Maybe she expected more questions. Maybe she expected some tears. Maybe she expected me to suck in my breath, as my wife did, gasping as she sat in the chair next to me. 

“Ok,” I said. And turned my attention back to my work. My insides were buzzing like bees, sure. But what could I do? I didn’t know what the mass actually was. There was no solid news to grasp onto, just a lot of maybes.

I spent the next 52 hours in the ER. And I write this post to you on day 14 of my hospital stay.

I haven’t been home since July 26th.

The actual cancer diagnosis came to me, but not until August 3rd. I was flattened at that point, not only by the news, but by two invasive chest tubes implanted in me in order to drain fluid around my heart and lungs.

There was a lot of hurry about and wait for the first five days, and then procedures happened so fast.

Everything has happened. So. Fast.

I don’t know how I feel.

My friends have asked. I don’t know yet. I’m ok. I always preferred playing the game to watching the game. This feels no different.

I can tell you that the first big LOL moment from a higher power was the thought that I was going to be upright and controlling the narrative and the way I communicated with friends and family members, when or if, I wrote a post like this.
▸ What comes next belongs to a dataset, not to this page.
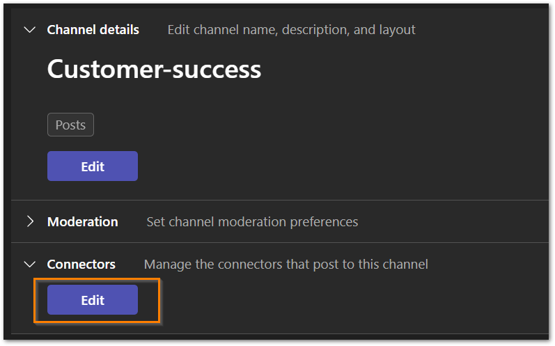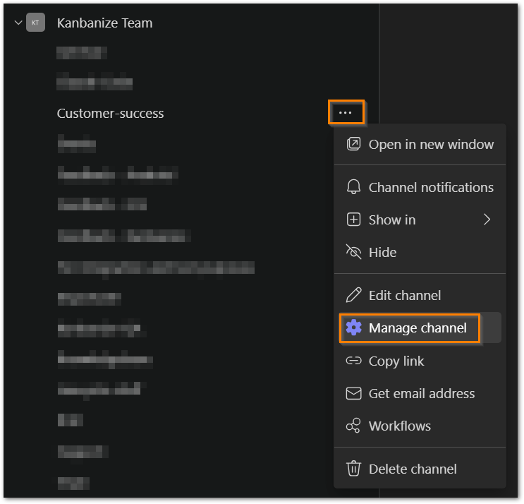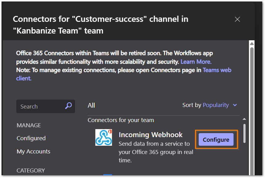 1. Locate your Teams channel and open the Manage channel -> Connectors settings:
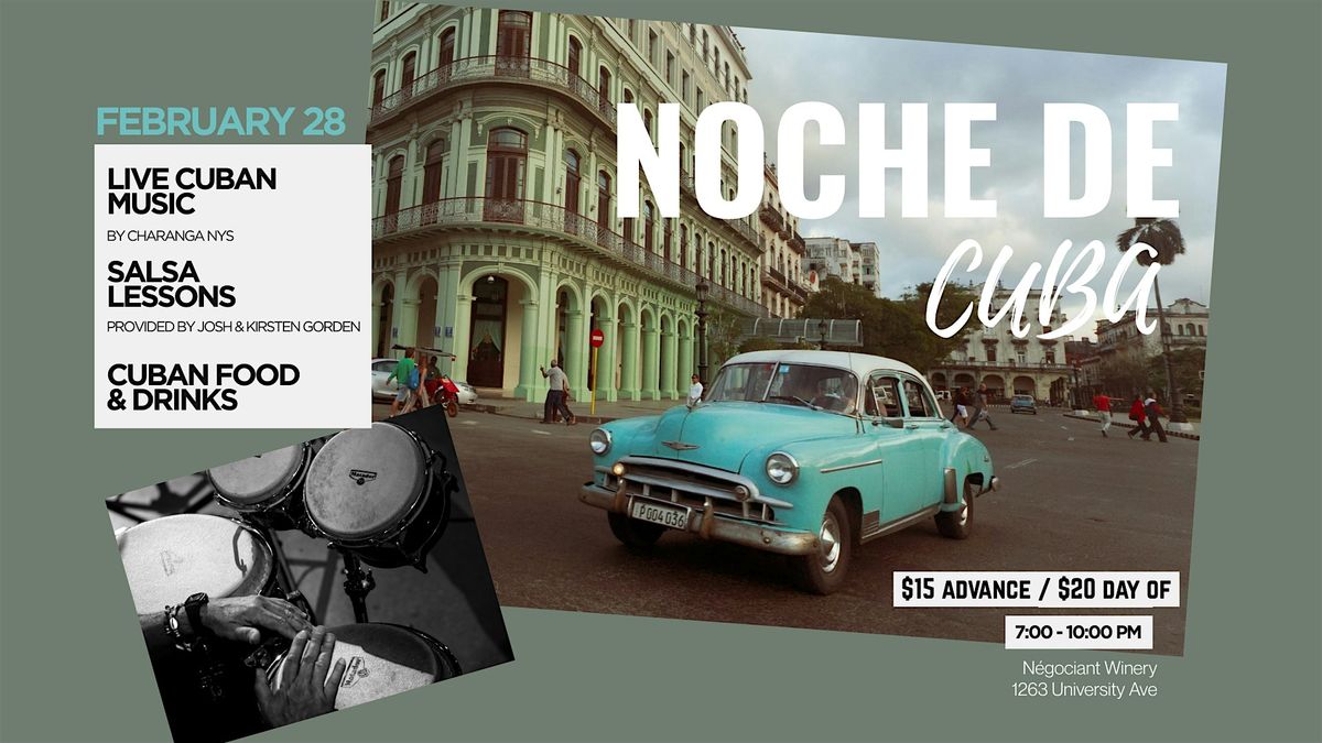 Step into a refined yet vibrant atmosphere inspired by the golden era of Cuban nightlife. Enjoy live Cuban musicians, learn the art of movement with guided salsa lessons, and indulge in thoughtfully crafted Cuban food and drink specials — all within the intimate setting of Negociant Winery.

The universe was like LOL M*** F*****!!!!!

You have zero control.

We know this. We’re told this. We learn this.

We quickly forget this.

The second LOL moment was any hope that my being as healthy as possible was going to be any kind of get out of jail free card. Being mindful of your health helps. It’s helped me get this far with a 7.5 inch tumor in my chest. It’s helped me during this hospital stay. It will continue to help me.

As I reflect on what I know to be true for me, right now in this moment:

I am in a safe hospital with an amazing care team at Maine Medical Center. My nurses and doctors and CNA’s are humans who treat me as human.

I have a wonderful network of friends and family, and I thank all of you who have texted, called and left messages. I read them at my lower moments and take great heart in them.

I am a personal trainer.

I have cancer.

My official diagnosis is Non-Hodgkin’s Lymphoma. I’m in the first of six rounds of chemo that started yesterday. I’ll deal with it in the way that I’ve dealt with most other personal trials – through journaling and being as open as I can about my journey, as much as I’m able and feel called to do so. There are many, many, many of you who may read this who have faced a similar journey and experienced, or are experiencing your own 1,000 papercut scenarios.

I have found in the past that sharing our stories can open up the hearts of others, and I can think of no better reason for allowing some of the inside stories out.